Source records
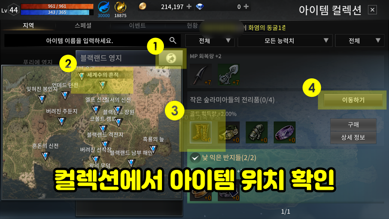 컬렉션에서 "블랙랜드" 영지 옆의 지구 모양을 누르면 맵에 거점들이 표시됩니다. 거기에서 "세계수의 흔적"을 선택하면 우측에 해당 맵에서 획득이 가능한 컬렉션 리스트가 출력되고 "작은 숲라미아들의 전리품" 컬렉션에 "뱀 가죽 부츠"가 포함된 모습을 확인할 수 있습니다. "이동하기" 눌러서 해당 맵으로 바로 이동이 가능합니다.
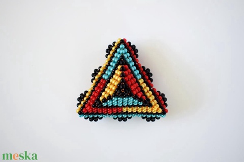 Piros-sárga-türkizkék „lépcsős piramis” fekete ráccsal
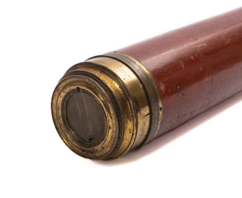 A 19th century mahogany and brass singe draw 'Day or Night' telescope, maker Isaac Aaron's & Son, London, with sliding lens covers to either end, 91cm extended (thread to main tube worn)
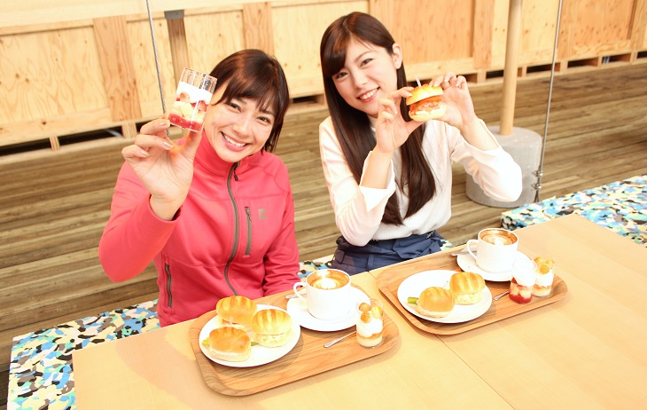 You just have to try sweets made with Hokkaido ingredients such as blue honeysuckle, corn and melon. Take them with you and enjoy them outdoors! Don't forget to drop in for other treats like double-layered cheesecake with a cow print, rich soft-serve ice cream, and baked items to take home as souvenirs.
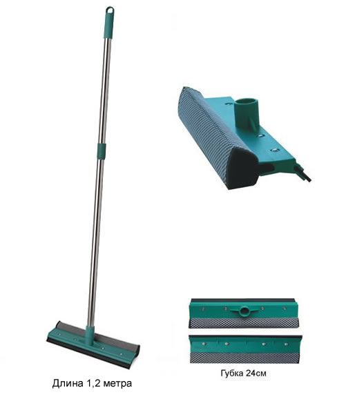 с двухколенным телескоп.черенком из нерж.стали. Ширина рабочей поверхности 24см. Длина в разлож.состоянии 1,2 метра.
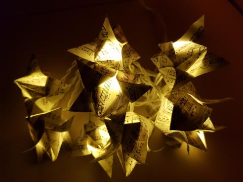Tausche die abgebildete Lichterkette, 10 Lichter, mit Netzstecker und Schalter, Blüten im Origami'Stil aus Notenpapier, neu
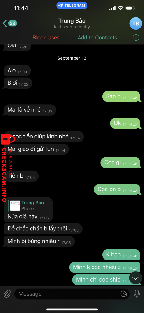 Scammer Alert: Phạm Bảo Trung Reported: November 16, 2024 Scammer Information Full Name: Phạm Bảo Trung Payment Gate: Techcombank Payment Account: 19036829363017 Category: Marketplace scams Source: Checkscam Evidence Files Report Description Hàng về k đúng hẹn giở giọng mất dạy Comments Your comment Add Comment No comments yet. Be the first to share your experience with this scammer.
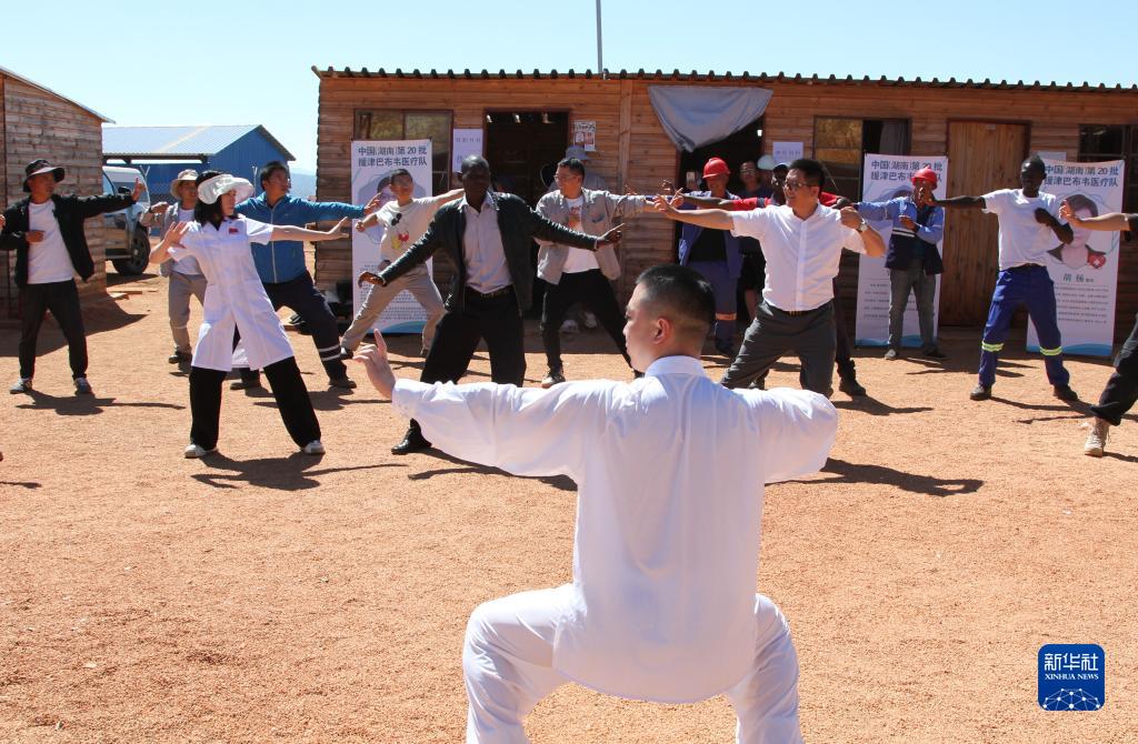 4月25日,在津巴布韋阿卡迪亞礦區,中國第20批援津巴布韋醫療隊隊員帶領中企員工和當地雇員做八段錦。
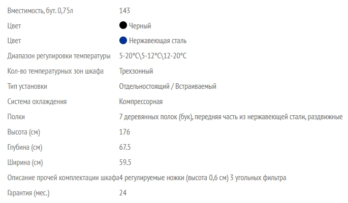 Винный шкаф LaSommeliere (ЛаСоммельер) MT145TZ

• [PROBLEM TO SOLVE]:
Omit all pictures, and repeat exactly the lines from the line containing "Scammer Alert: Phạm" through the end of the data.

• [PROBLEM SOLUTION]:
 Scammer Alert: Phạm Bảo Trung Reported: November 16, 2024 Scammer Information Full Name: Phạm Bảo Trung Payment Gate: Techcombank Payment Account: 19036829363017 Category: Marketplace scams Source: Checkscam Evidence Files Report Description Hàng về k đúng hẹn giở giọng mất dạy Comments Your comment Add Comment No comments yet. Be the first to share your experience with this scammer.
 4月25日,在津巴布韋阿卡迪亞礦區,中國第20批援津巴布韋醫療隊隊員帶領中企員工和當地雇員做八段錦。
 Винный шкаф LaSommeliere (ЛаСоммельер) MT145TZ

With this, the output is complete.